Given a structure A and a bijection g with domain |A| (i.e. the universe of A), I have to show that there is a unique structure B such that g is an isomorphism of A onto B.

Since A is isomorphic to itself, this basically comes down to showing that every structure is unique up to isomorphism. While I would feel somewhat comfortable showing this for certain types of sets, I'm having trouble seeing how to go about doing this with structure.

Any help would be appreciated.
• November 7th 2012, 02:08 PM
Plato
Re: Isomorphic Structures
Quote:

Originally Posted by drg
HGiven a structure A and a bijection g with domain |A|, I have to show that there is a unique structure B such that g is an isomorphism of A onto B.
.

..a structure A what does that term mean?
• November 8th 2012, 01:23 AM
emakarov
Re: Isomorphic Structures
Quote:

Originally Posted by drg
Given a structure A and a bijection g with domain |A| (i.e. the universe of A), I have to show that there is a unique structure B such that g is an isomorphism of A onto B.

I believe this is a better link that explains what a structure is in the context of mathematical logic.

If I understand correctly, g is an isomorphism between A and B if

(1) g is a bijection between |A| and |B|,
(2) for every functional symbol f and every $\vec{a}\in |A|$ it is the case that $g(f^A(\vec{a}))=f^B(g(\vec{a}))$, and
(3) for every predicate symbol R and every $\vec{a}\in |A|$ it is the case that $R^A(\vec{a})$ iff $R^B(g(\vec{a}))$.

The universe of B must be the image of g. We need to show that there exists one and only one interpretation of functional and predicate symbols on |B| such that g is an isomorphism.

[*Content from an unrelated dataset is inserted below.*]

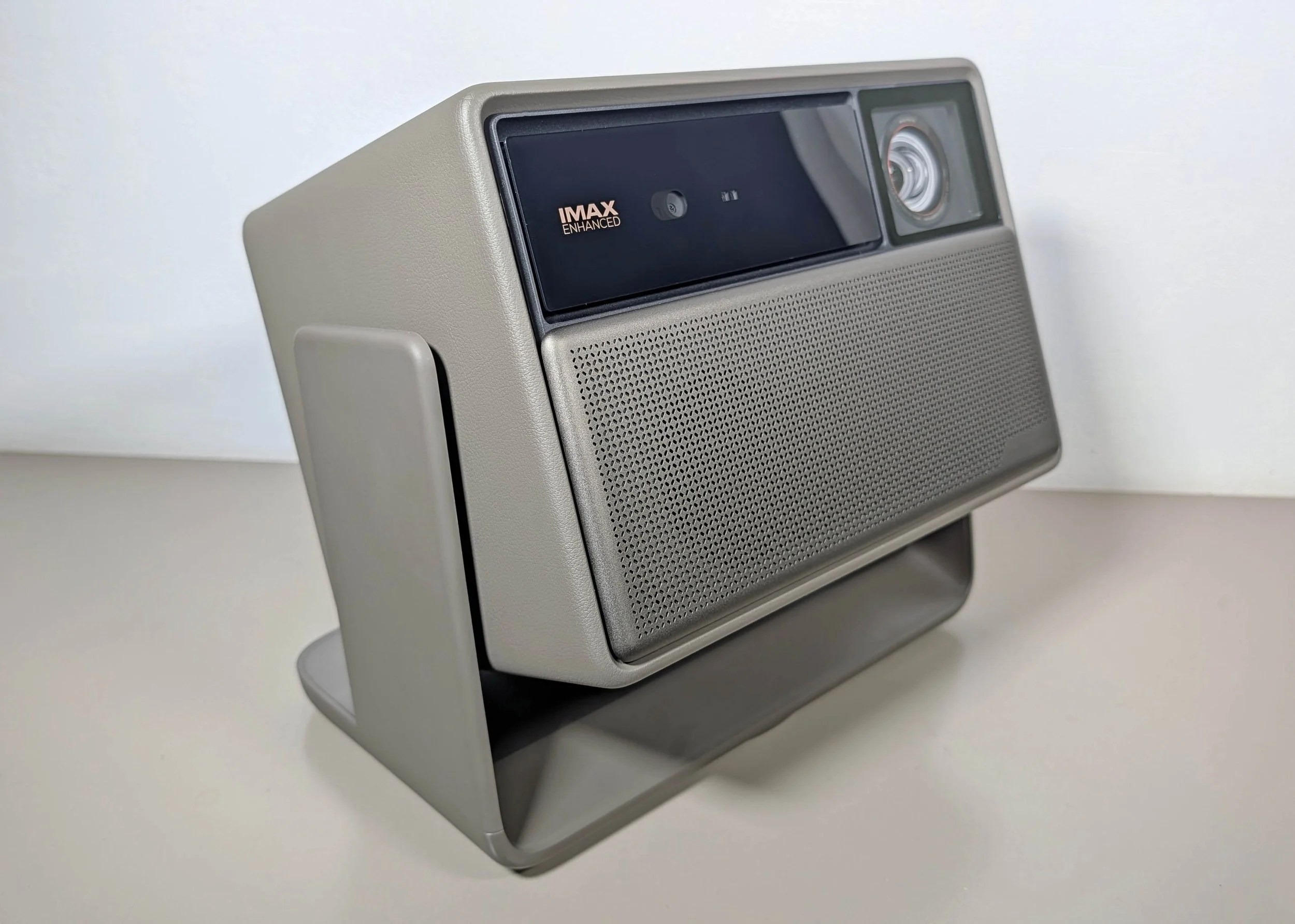 Le Xgimi Horizon 20, tout comme les modèles Pro et Max, est un vidéoprojecteur plutôt imposant (29,8 x 24,9 x 19 cm), mais qui ne manque pas d’élégance avec sa teinte bronze, ses angles marqués et ses lignes épurées. Le gros point fort de son design, c’est évidemment cette balancelle, qui lui permet de s’incliner vers le haut ou vers le bas. Un support pivotant est même présent pour une rotation sur 360°.

Well, this interpretation is uniquely determined by properties (2) and (3).
• November 8th 2012, 05:49 PM
drg
Re: Isomorphic Structures
Quote:

Originally Posted by emakarov
I believe this is a better link that explains what a structure is in the context of mathematical logic.

If I understand correctly, g is an isomorphism between A and B if

(1) g is a bijection between |A| and |B|,
(2) for every functional symbol f and every $\vec{a}\in |A|$ it is the case that $g(f^A(\vec{a}))=f^B(g(\vec{a}))$, and
(3) for every predicate symbol R and every $\vec{a}\in |A|$ it is the case that $R^A(\vec{a})$ iff $R^B(g(\vec{a}))$.

The universe of B must be the image of g. We need to show that there exists one and only one interpretation of functional and predicate symbols on |B| such that g is an isomorphism. Well, this interpretation is uniquely determined by properties (2) and (3).